→ Instructions for the task: I would like the lines below, from the one with "ANRABESS Women’s Sweatshirts" through the one with "AML - 1/48 Messerschmitt", copied exactly and without any pictures.

→ Information given:

/---

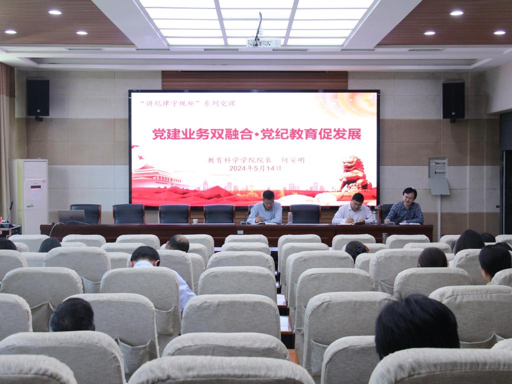 世界杯网址经理何安明以《党建业务双融合·党纪教育促发展》为题,讲授专题党课。他提出,党的纪律建设是确保党的事业长久发展的根本保证,要将党建贯穿于学科专业发展与团队队伍发展,应注重将党纪学习教育与师德师风建设有机结合起来,以党的科学理论武装青年,努力为师生创造良好的科研氛围和发展条件,引导青年加强科学研究,确保教学不落后,实现教学与科研双向促进。
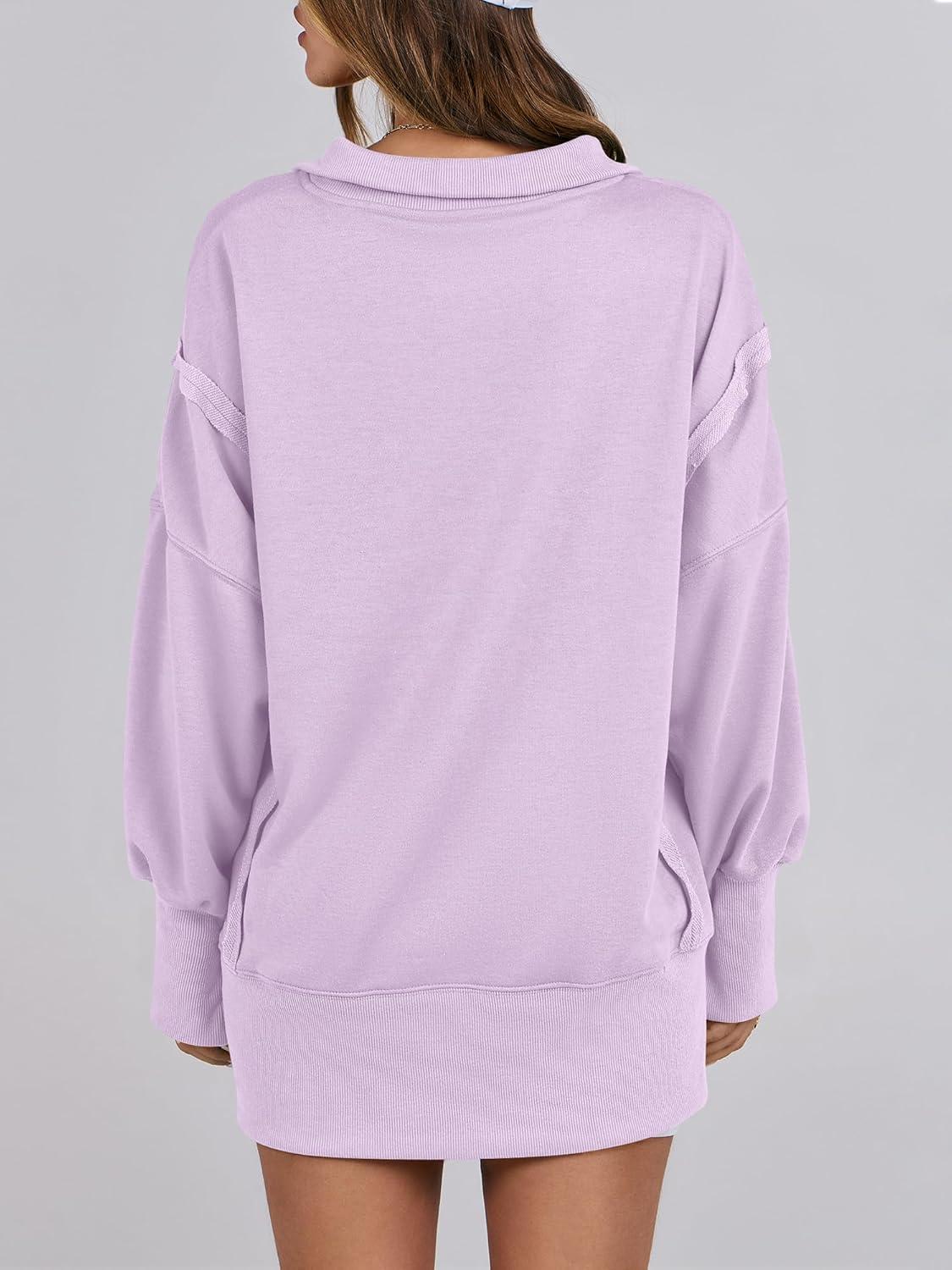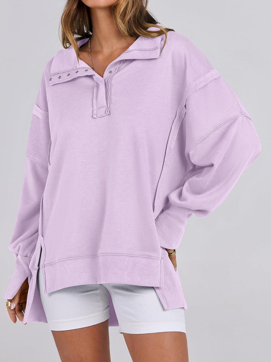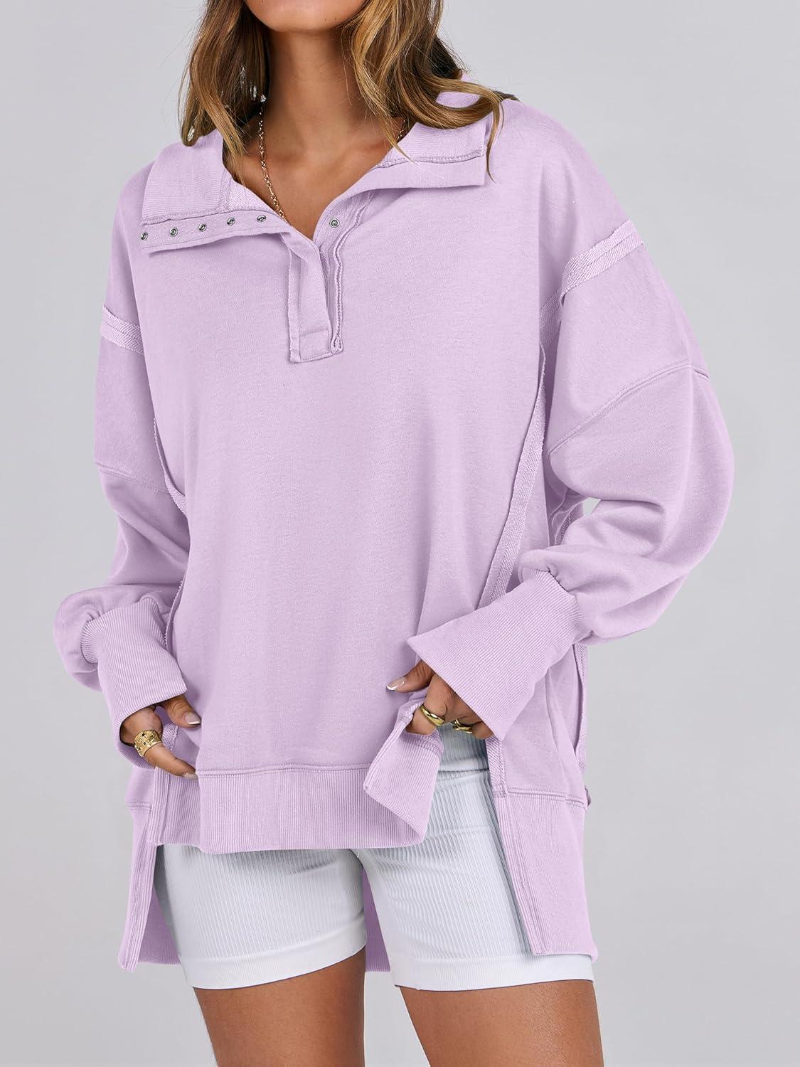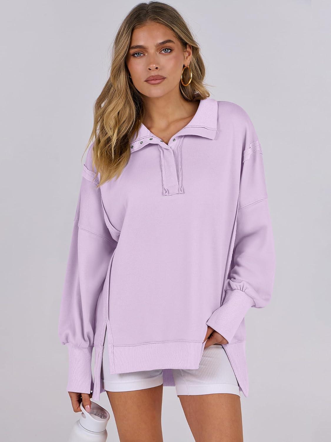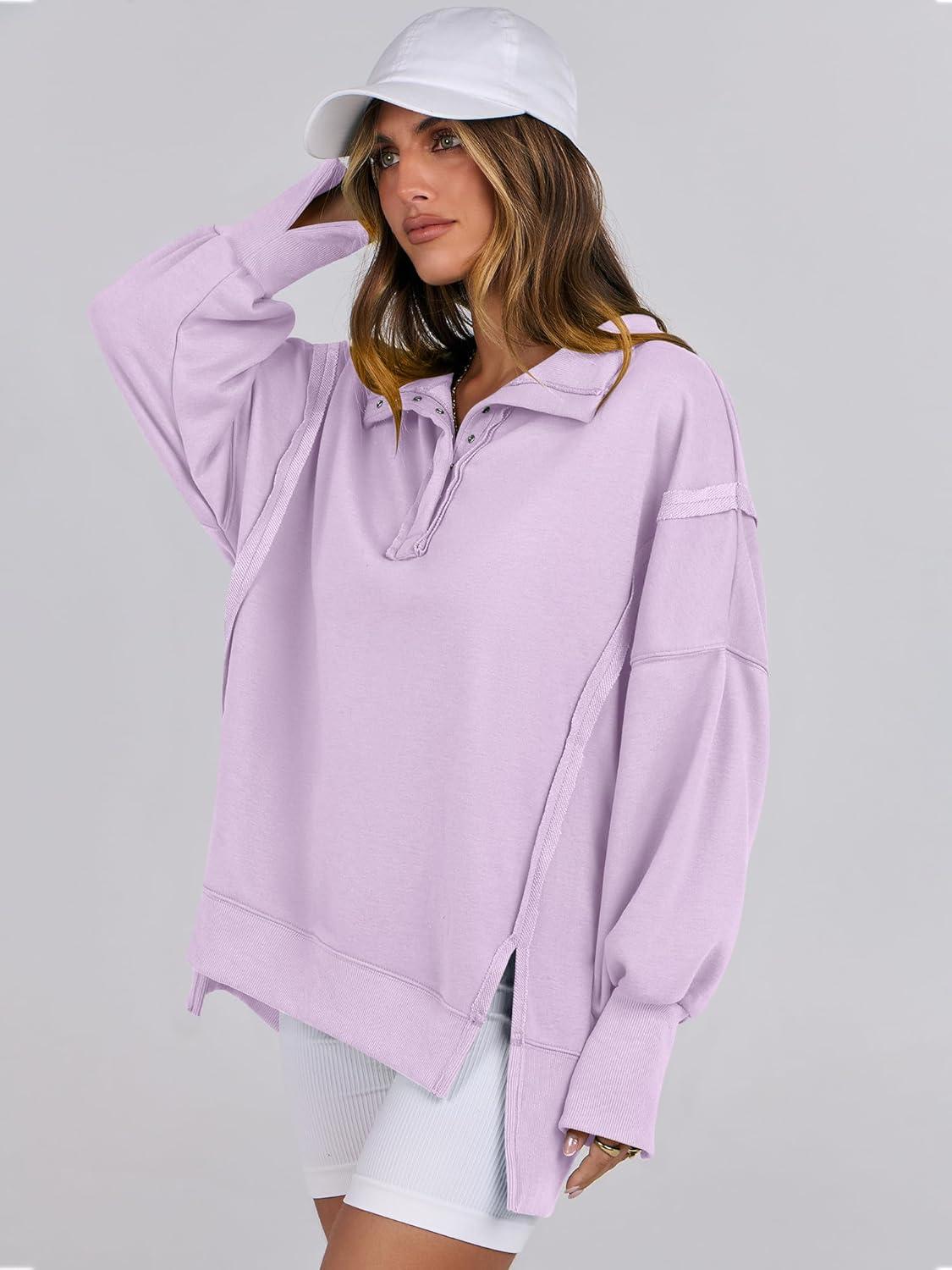 ANRABESS Women’s Sweatshirts Oversized Casual Loose Button Up Henley Pullover Top High Low Split 2025 Fall Fashion Outfits(Light Purple)
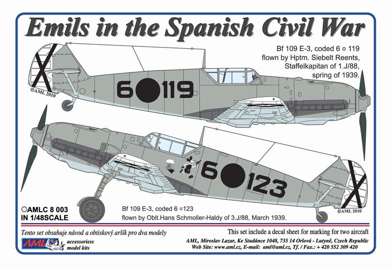 AML - 1/48 Messerschmitt Bf-109E in the Spanish Civil War. Includes decals for 2 aircraftAMLC 8 003 include:- 1xmasks x- 1xmask of canopy- 1x decals (pictures + numbers)
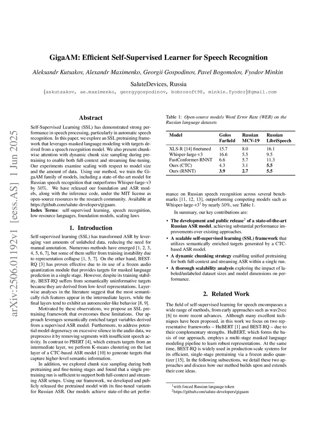 Self-Supervised Learning (SSL) has demonstrated strong performance in speech processing, particularly in automatic speech recognition. In this paper, we explore an SSL pretraining framework that leverages masked language modeling with targets derived from a speech recognition model. We also present chunkwise attention with dynamic chunk size sampling during pretraining to enable both full-context and streaming fine-tuning. Our experiments examine scaling with respect to model size and the amount of data. Using our method, we train the GigaAM family of models, including a state-of-the-art model for Russian speech recognition that outperforms Whisper-large-v3 by 50%. We have released our foundation and ASR models, along with the inference code, under the MIT license as open-source resources to the research community. Available atthis https URL.
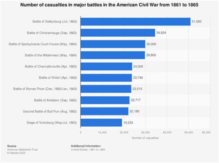 Number of casualties in major battles in the American Civil War 1861-1865. Of the ten bloodiest battles of the American Civil War, the Battle of Gettysburg in early July, 1863, was by far the most devastating battle of the war, claiming over 51 thousand casualties, of which 7 thousand were battle deaths.

\---

→ Worked solution:
 ANRABESS Women’s Sweatshirts Oversized Casual Loose Button Up Henley Pullover Top High Low Split 2025 Fall Fashion Outfits(Light Purple)
 AML - 1/48 Messerschmitt Bf-109E in the Spanish Civil War. Includes decals for 2 aircraftAMLC 8 003 include:- 1xmasks x- 1xmask of canopy- 1x decals (pictures + numbers)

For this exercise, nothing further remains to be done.